The frequency of follow-up care is dictated primarily by the baseline stage of the retinopathy and its rate of progression to proliferative diabetic retinopathy (PDR). Only 5% of patients with mild nonproliferative diabetic retinopathy (NPDR) would progress to PDR in 1 year without follow-up care, and thus, monitoring these patients every 6-12 months is appropriate.

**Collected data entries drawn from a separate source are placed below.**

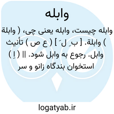 ( وابلة ) وابلة. [ ب ِ ل َ ] ( ع ص ) تأنیث وابل. رجوع به وابل شود. || ( اِ ) استخوان بندگاه زانو و سر بازو. ( مهذب الاسماء ) ( منتهی الارب ). || کرانه کتف از سر بازو. || استخوانی است در بند زانو. || بازو. || سر زانو. || آنچه پیچیده باشد از گوشت زانو. ( منتهی الارب ). || نژاد شتر و گوسفند. وابلة. [ ب ِ ل َ ] ( اِخ ) ابن الاشفع. در تاریخ گزیده چ عکسی ص 24 چنین آمده است: «وابلةبن الاشفع در سنه خمس و ثمانین به شام درگذشت ». ولی درست به نظر نمیرسد و ظاهراً تحریفی از وائلةبن الاسقع است. رجوع به وائلةبن الاسقع شود.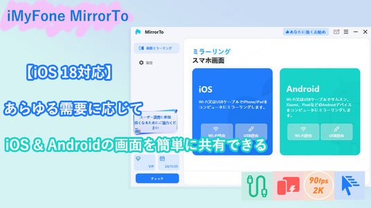 世界中で200+の権威メディアが推奨されたソフトウェア開発会社iMyFoneは令和6年10月3日(木)より、最高のiOS&Android画面ミラーリングソフト「MirrorTo」の最新バージョンをリリースしました。令和6年10月3日(木)より提供開始した「MirrorTo」新バージョンは、iOS-USB接続の成功率を向上させるし、iOS 18/iPhone 16シリーズも対応してます。互換性は一段と高いです。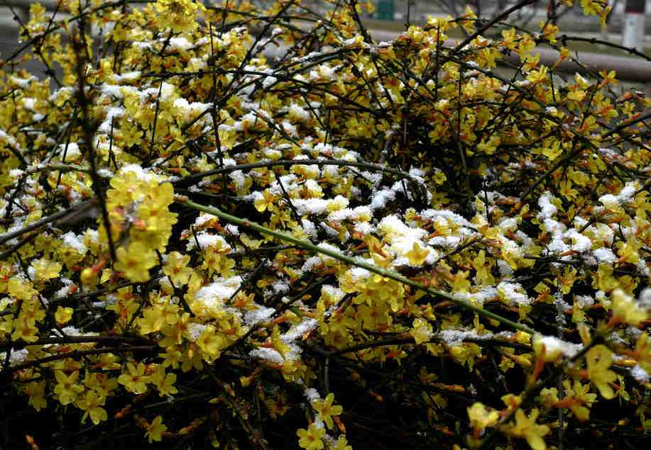 明天虽然就是春分了,但是在石家庄这个地方现在还是气候意义上的冬天。公园里除了长青的松柏竹之类,只有黄色的迎春花开了,刚刚返青的小草又被蒙上了一层薄薄的白雪。天是灰蒙蒙的天,地是湿漉漉的地,唯一令人享受的是清新湿润的空气。这种空气在石家庄市难得一见的。平时,我们在这里整天呼吸的空气中充满mp2,这就算良好天气了。如果遇到雾霾与沙尘天气,根本不敢到室外活动。

As many as 27% of patients with moderate NPDR would progress to PDR in 1 year; therefore, they should be seen every 4 to 8 months.

More than 50% of patients with severe NPDR (preproliferative stage) would progress to PDR in a year without follow-up care and 75% would develop high-risk characteristics within 5 years; thus, follow-up care as frequently as every 2 to 3 months is mandated to ensure prompt recognition and treatment.

Any stage associated with clinically significant macular edema should be treated promptly with laser panretinal photocoagulation and observed closely (every 1-2 mo) to monitor the status of the macula and decrease the chance of severe visual loss.

Diabetes mellitus, in general, and diabetic retinopathy, in particular, are progressive conditions, and regular follow-up care with a physician is crucial for detection of any changes that may benefit from treatment.